The Daily Telegraph's Neil McCormick - an old school friend of Bono's and sometime Propaganda contributor - was also there.

'Name-dropping is an obnoxious habit, I know, but sometimes it cannot be avoided. So there I was, backstage following David Bowie's weekend concert at the Festival Hall, chatting with Bowie, Bono and Kylie (stars whose single names drop onto the deep-pile celebrity carpet with a deeply satisfying, solid gold thud).

Brian Eno stopped by to compliment Bowie on his bold rendition of the Low album, which made up the first half of his set. "It was actually quite bizarre, sitting in the audience hearing all those sounds and arrangements we created being so immaculately replicated by other musicians," Eno (who produced the original album in 1977) cheerfully announced. "I rather like the idea of making a record then sending other people out to perform it. I think it was a wise decision not to stick to the original running order, however."

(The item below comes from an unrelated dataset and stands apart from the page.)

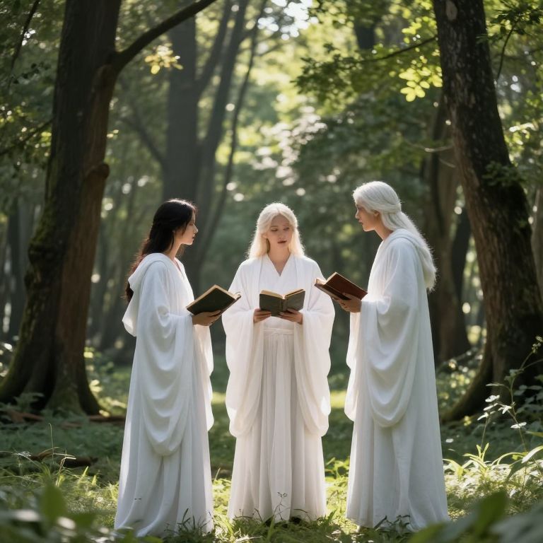 Three ethereal figures in flowing white robes stand amidst a sunlit forest glade, each holding ancient books as they engage in quiet conversation, surrounded by towering trees and dappled sunlight filtering through the canopy.
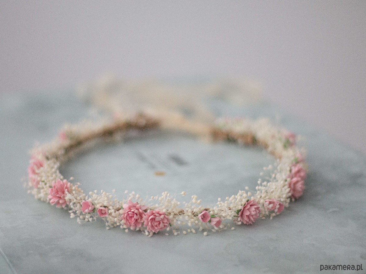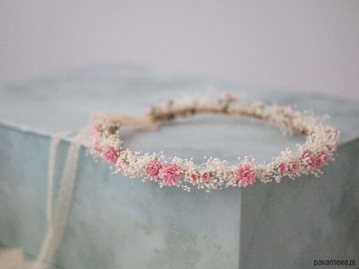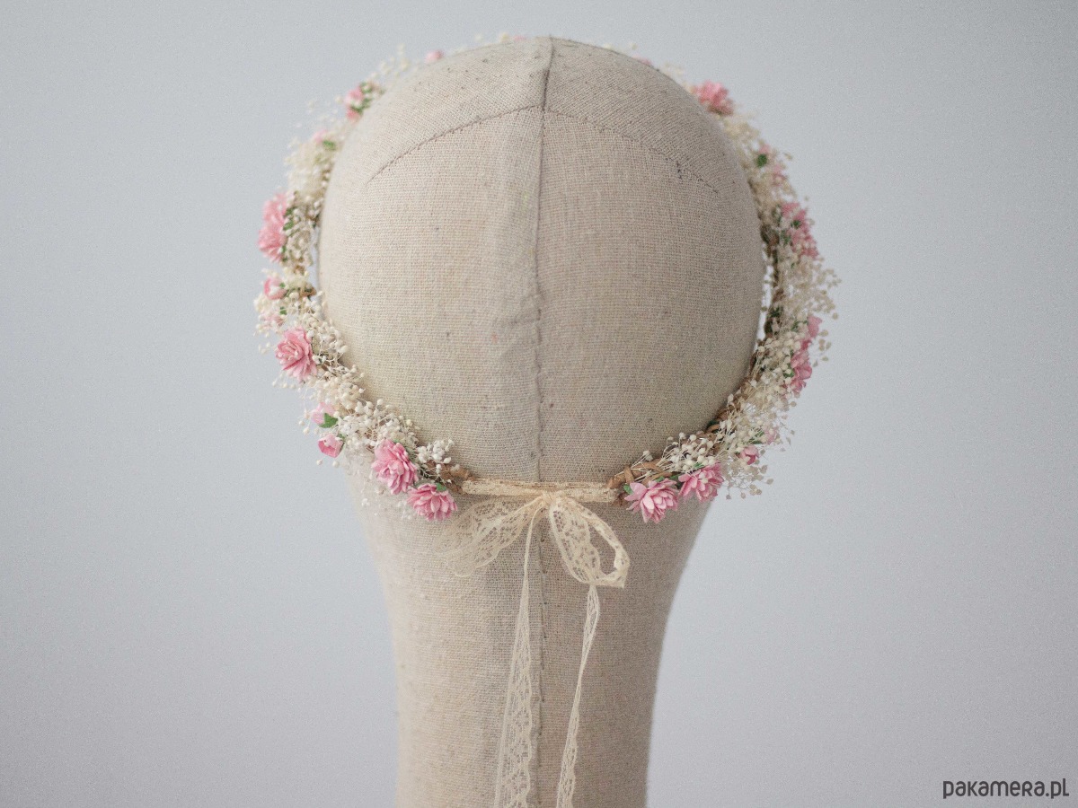 Romantyczny wianek na głowę wykonany z naturalnej, stabilizowanej gipsówki, papierowych kwiatów i syntetycznych listków. Możliwość regulacji wielkości obwodu, dzięki koronkowej tasiemce z tyłu. Będzie pasował zarówno na głowę dziecka, jak i osoby dorosłej.

"We tried that in New York," Bowie admitted. "The poor buggers didn't know what to do with themselves during side two. They were too polite to complain but by the fourth instrumental in a row there was a steady trickle of people heading for the bar. This time I thought it wise to break it up a little."

Bono made the point that, while the music had actually been faithfully recreated, the context had somehow changed Low immeasurably. "Back in the Seventies, it was something strange and alien, this harsh, cold, Teutonic sound," he opined. "Tonight everyone was singing along. It sounded like pop music."

Not to Kylie, however, who admitted it still sounded pretty strange to her. "I've never actually heard it before," she confessed. "When did it come out? Well, I was only nine! Its not the kind of thing we were singing in the playground in Melbourne!"